Vermont hospitals request historic budget hikes
Vermont’s 14 hospitals have submitted their proposed budgets for next year.
And Mike Del Trecco, the president and CEO of the Vermont Association of Hospitals and Health Systems, says there has never been a wider gap between what the state estimates the hospitals should be asking for, and what they say they need to survive in a post-pandemic landscape.
“Much of the world has soundly moved on from COVID-19, and rightfully so, but its impacts on our health care system are profound and will be felt for years to come,” Del Trecco said.
Vermont is the only state in the country that has a regulatory body, the Green Mountain Care Board, that approves hospital budgets.
During the pandemic the board took the unusual step of creating a two-year window for hospitals to develop their budgets, understanding that COVID-19 created pressures on the system.
In 2021 the hospitals were supposed to develop two-year budgets that allowed for 8.6% growth.
But in 2022 the hospitals had a very tough year with nine of the state’s 14 hospitals showing a negative operating margin.
So they came into the current budget season with an expectation from the board of keeping their revenue growth at about 2%.
Del Trecco says the overall increase of the entire hospital system’s growth is at about 8%.
Much of the world has soundly moved on from COVID-19, and rightfully so, but its impacts on our health care system are profound and will be felt for years to come.Mike Del Trecco, Vermont Association of Hospitals and Health Systems
Hospitals typically submit budgets that are in line with Green Mountain Care Board targets, with the largest proposed increases coming in at the 4% range.
The average proposed budget increase has never been as high as it is this year.
Earlier this year the hospitals asked the Green Mountain Care Board to adjust the growth expectations, but the board refused to do so.
“Our health care system, including hospitals and independent providers, is under financial stress. So too are Vermonters,” Green Mountain Care Board chairman Owen Foster said when the hospitals asked for the target increase in May. “The Care Board takes its responsibility to promote an accessible and affordable health care system seriously.

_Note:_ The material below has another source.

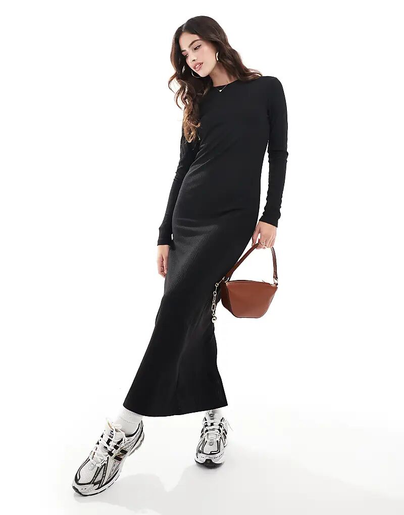 Макси-платье в рубчик черного цвета ONLY 6 193₽

In light of these challenges, we have maintained our two-year 8.6% growth target and hospital budget requests will be fairly evaluated based on the clear, objective benchmarks established in our guidance.”
So now Del Trecco says the hospitals are heading into the upcoming budget hearings far apart from what state regulators are expecting.
“The request that we made was to recognize that the percentage growth, necessary because of inflation, because of the workforce challenges, because of all the things we’re trying to manage, was just out of alignment,” he said.
Some of the state’s hospitals were able to keep their projected growth targets low.
Southwestern Vermont Medical Center in Bennington, for instance, submitted a budget just slightly higher than the Green Mountain Care Board’s two-year growth target, while Gifford Medical Center in Randolph kept their two-year revenue growth at 7.2%, well below the two-year target.
But University of Vermont Health Network, which operates three hospitals in the state, and is by far the largest hospital system in Vermont, says Porter Medical Center in Middlebury needs a more than 28% budget increase, over the two years, while UVM Medical Center in Burlington is asking for an almost 24% jump.
And the budget hearings this year come as the Green Mountain Care Board is also considering big hikes in insurance premiums.
Blue Cross Blue Shield of Vermont wants a more than 15% average rate hike, while MVP Health Care is asking for an almost 13% increase.
The Green Mountain Care board will begin its fiscal year 2024 hospital budget hearings on Aug. 9, with decisions on each of the 14 budgets expected before Sept. 15.
“Recovery is happening, but is slowed by the headwinds we face as a rural and aging state, as well as significant cost pressures and inflation,” Del Trecco said. “That is why our non-profit hospitals are working so hard to balance the need to be strong financial stewards of our limited health care dollars while also leading to ensure we have the infrastructure in place that Vermonters rightly deserve.”